Start of Supplied material

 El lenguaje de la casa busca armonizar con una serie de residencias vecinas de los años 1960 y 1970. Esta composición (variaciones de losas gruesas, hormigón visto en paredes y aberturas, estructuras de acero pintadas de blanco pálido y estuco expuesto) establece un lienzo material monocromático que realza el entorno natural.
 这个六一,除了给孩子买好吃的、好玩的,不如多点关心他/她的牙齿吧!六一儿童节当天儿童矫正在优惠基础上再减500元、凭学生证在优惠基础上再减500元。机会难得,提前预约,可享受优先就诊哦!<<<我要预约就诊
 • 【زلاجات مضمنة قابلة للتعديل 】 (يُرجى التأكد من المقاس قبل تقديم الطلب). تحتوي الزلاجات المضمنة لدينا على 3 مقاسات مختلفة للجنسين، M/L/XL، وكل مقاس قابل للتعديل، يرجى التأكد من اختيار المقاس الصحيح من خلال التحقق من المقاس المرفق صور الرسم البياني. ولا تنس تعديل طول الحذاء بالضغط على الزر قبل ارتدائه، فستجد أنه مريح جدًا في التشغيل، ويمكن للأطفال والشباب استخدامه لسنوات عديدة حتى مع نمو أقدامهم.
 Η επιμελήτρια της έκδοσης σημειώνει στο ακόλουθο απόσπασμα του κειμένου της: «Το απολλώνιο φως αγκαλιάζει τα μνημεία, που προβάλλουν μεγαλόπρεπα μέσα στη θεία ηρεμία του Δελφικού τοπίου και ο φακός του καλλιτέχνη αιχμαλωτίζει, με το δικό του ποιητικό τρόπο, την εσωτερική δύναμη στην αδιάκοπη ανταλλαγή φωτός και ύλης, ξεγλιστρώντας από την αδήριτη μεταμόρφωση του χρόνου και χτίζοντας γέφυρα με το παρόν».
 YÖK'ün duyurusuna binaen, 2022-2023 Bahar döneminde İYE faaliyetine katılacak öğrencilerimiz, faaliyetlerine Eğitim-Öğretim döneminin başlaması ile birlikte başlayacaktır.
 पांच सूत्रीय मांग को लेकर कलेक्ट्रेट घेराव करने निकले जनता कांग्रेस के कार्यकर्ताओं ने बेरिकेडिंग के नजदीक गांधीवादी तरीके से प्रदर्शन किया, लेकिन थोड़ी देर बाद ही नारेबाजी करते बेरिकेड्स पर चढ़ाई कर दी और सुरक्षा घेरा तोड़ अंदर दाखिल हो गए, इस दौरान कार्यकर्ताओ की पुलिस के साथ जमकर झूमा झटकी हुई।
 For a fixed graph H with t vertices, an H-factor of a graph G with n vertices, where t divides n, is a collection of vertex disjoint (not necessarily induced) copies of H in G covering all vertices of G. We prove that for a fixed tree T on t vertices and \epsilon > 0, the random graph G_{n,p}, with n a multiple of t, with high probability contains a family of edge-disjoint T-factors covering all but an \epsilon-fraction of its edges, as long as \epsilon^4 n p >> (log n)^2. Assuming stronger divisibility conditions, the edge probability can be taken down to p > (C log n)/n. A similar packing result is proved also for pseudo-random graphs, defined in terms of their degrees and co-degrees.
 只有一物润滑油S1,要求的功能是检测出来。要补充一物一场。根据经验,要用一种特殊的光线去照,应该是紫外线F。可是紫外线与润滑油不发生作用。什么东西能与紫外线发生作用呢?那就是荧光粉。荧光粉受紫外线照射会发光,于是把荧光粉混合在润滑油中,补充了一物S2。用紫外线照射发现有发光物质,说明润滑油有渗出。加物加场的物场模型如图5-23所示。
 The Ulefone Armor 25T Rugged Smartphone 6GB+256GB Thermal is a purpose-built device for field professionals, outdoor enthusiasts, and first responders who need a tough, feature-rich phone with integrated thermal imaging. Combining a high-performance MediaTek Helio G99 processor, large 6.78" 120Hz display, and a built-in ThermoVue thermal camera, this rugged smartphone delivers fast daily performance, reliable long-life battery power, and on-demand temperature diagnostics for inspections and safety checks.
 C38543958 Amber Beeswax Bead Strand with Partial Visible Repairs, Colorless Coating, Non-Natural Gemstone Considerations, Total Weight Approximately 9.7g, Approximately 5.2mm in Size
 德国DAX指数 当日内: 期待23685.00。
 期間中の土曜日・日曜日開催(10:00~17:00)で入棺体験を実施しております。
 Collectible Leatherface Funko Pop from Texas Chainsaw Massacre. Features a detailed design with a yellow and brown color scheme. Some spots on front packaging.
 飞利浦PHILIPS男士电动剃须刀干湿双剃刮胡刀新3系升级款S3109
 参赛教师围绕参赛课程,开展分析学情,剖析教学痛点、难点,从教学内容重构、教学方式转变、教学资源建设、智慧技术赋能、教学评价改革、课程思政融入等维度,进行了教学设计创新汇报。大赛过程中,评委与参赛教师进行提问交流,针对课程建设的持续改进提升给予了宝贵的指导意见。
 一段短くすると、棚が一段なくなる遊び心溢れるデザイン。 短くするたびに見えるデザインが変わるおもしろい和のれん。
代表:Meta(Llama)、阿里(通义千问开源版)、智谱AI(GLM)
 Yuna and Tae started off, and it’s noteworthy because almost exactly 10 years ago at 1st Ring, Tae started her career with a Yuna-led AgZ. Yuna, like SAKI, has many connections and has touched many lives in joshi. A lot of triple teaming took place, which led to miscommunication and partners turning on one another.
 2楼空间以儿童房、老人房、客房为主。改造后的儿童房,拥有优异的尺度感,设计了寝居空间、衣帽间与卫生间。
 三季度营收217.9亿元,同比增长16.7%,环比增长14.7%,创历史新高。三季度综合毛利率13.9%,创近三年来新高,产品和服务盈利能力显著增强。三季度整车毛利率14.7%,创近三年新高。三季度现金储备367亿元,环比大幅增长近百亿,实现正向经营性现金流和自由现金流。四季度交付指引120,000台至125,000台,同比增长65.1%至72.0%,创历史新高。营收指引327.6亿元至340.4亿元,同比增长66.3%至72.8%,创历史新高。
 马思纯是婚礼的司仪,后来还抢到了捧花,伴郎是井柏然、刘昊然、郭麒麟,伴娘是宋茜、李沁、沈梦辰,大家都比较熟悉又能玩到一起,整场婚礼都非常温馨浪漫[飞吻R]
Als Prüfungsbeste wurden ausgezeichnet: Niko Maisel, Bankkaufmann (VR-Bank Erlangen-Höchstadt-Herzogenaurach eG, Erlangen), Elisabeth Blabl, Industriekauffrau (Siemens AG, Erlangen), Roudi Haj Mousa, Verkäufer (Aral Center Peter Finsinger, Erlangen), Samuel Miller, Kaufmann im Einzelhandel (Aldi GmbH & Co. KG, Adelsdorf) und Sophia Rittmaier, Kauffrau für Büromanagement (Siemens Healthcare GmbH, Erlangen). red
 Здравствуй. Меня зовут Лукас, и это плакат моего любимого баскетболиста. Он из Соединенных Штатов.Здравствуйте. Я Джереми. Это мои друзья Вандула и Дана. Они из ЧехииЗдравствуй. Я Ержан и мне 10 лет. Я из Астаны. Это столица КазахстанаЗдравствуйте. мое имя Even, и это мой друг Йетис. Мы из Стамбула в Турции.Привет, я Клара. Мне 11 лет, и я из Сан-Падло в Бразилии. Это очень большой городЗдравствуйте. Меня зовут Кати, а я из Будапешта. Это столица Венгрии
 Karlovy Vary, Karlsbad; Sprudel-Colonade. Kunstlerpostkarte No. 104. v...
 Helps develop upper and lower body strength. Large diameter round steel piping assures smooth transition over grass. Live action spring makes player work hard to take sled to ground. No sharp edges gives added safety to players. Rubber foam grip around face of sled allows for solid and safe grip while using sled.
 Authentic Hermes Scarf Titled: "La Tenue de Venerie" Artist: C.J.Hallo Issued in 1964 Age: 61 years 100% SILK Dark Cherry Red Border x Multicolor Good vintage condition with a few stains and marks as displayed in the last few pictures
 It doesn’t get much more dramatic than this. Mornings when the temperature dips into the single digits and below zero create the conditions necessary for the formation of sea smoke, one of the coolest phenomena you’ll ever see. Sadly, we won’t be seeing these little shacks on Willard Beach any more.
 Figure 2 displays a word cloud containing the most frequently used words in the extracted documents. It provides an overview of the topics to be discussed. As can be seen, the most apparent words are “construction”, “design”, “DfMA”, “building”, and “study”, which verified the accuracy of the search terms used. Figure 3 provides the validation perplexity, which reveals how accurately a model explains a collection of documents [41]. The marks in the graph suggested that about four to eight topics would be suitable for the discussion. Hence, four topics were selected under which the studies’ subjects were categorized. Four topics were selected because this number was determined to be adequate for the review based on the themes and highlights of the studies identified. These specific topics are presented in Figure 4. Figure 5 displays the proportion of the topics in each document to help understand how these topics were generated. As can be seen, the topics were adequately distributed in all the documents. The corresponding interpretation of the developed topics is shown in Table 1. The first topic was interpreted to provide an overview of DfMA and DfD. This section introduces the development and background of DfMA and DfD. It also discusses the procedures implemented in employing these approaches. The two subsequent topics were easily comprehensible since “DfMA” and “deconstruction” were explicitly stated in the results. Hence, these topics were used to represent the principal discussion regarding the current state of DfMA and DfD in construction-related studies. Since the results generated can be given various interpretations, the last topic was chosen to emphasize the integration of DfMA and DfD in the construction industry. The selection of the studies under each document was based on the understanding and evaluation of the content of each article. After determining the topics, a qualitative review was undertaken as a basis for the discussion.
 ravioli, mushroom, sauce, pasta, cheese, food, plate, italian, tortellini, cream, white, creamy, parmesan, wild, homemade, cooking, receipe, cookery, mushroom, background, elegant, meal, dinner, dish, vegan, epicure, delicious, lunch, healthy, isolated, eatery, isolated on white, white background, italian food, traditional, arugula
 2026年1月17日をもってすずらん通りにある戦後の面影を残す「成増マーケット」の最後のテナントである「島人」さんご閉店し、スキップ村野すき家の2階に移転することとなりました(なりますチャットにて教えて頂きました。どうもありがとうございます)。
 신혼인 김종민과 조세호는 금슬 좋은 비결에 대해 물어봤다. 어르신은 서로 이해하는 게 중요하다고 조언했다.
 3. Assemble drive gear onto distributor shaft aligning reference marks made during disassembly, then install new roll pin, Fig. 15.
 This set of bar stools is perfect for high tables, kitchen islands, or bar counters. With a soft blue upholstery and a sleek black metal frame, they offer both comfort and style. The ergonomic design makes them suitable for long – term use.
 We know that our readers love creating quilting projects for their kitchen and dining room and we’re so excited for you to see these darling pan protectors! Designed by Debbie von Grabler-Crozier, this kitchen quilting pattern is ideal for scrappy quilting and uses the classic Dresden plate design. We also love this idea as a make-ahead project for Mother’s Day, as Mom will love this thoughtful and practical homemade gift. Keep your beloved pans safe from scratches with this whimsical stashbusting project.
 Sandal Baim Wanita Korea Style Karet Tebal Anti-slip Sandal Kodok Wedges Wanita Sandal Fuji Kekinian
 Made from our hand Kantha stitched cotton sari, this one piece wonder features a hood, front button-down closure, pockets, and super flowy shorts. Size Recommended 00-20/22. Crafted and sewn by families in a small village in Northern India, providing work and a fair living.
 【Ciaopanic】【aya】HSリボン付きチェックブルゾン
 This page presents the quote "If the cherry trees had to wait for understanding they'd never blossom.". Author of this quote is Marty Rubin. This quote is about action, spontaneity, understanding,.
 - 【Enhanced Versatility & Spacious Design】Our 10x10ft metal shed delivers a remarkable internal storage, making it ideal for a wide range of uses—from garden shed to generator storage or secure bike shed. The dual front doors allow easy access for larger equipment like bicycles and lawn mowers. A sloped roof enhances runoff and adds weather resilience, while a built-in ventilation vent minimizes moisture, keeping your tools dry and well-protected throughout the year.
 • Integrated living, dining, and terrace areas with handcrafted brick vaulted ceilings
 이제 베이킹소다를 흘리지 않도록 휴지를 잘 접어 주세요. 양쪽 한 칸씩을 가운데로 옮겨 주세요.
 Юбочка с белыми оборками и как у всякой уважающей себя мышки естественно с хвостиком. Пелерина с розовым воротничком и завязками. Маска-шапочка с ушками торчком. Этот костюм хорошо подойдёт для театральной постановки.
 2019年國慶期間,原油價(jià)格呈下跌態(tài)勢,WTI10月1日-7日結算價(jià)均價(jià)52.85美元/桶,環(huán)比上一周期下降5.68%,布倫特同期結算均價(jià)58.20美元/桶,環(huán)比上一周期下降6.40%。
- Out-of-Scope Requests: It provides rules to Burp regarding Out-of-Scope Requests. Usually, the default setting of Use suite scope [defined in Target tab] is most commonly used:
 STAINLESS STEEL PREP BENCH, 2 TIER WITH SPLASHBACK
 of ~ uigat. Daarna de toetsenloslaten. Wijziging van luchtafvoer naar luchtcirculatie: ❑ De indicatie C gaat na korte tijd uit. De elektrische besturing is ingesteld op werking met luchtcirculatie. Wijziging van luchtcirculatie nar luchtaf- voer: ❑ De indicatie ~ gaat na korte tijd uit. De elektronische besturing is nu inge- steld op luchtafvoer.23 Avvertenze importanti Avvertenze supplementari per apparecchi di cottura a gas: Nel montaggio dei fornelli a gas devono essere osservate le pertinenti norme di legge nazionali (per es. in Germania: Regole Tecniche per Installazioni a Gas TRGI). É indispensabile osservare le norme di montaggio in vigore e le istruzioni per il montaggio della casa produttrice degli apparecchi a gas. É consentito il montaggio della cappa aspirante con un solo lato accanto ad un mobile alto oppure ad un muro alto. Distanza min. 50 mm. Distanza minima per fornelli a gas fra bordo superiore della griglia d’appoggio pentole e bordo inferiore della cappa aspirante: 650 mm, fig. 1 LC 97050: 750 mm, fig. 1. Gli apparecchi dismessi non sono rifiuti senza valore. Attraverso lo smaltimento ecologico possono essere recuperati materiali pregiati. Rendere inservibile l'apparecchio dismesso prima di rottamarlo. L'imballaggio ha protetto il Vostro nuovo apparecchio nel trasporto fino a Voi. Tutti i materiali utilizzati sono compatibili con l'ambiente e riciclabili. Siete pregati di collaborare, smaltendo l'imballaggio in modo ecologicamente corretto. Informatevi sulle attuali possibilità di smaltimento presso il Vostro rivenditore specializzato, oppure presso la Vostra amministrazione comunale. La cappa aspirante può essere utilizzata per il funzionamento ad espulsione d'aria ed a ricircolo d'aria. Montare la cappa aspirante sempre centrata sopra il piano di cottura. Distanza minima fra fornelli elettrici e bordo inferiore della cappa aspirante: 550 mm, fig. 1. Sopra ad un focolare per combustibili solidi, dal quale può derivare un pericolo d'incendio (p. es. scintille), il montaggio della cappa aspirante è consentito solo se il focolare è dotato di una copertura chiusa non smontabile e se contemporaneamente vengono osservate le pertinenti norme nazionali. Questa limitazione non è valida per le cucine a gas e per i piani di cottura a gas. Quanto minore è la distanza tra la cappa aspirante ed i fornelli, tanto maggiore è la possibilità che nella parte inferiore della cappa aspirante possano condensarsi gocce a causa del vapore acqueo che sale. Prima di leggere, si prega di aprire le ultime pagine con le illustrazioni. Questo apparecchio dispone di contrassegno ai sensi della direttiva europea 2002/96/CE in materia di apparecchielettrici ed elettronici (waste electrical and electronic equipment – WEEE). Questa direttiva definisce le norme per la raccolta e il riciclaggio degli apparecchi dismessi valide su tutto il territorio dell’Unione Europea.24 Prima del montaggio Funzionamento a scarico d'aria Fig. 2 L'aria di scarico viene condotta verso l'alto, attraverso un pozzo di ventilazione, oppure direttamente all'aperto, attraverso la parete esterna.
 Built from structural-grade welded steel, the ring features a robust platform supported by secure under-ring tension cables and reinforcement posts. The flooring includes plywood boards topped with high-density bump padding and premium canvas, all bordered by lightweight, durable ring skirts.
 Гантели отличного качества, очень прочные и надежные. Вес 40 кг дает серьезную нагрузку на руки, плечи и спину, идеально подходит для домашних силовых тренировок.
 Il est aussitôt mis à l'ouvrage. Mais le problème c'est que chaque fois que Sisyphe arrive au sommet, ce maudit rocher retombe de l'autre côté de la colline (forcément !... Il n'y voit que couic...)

End of Supplied material

→ Problem description
Starting with the line that holds "Authentic Hermes Scarf" and ending with the line that holds "It doesn’t get", retype every line in the data above exactly, and nothing else.

→ Task response
 Authentic Hermes Scarf Titled: "La Tenue de Venerie" Artist: C.J.Hallo Issued in 1964 Age: 61 years 100% SILK Dark Cherry Red Border x Multicolor Good vintage condition with a few stains and marks as displayed in the last few pictures
 It doesn’t get much more dramatic than this. Mornings when the temperature dips into the single digits and below zero create the conditions necessary for the formation of sea smoke, one of the coolest phenomena you’ll ever see. Sadly, we won’t be seeing these little shacks on Willard Beach any more.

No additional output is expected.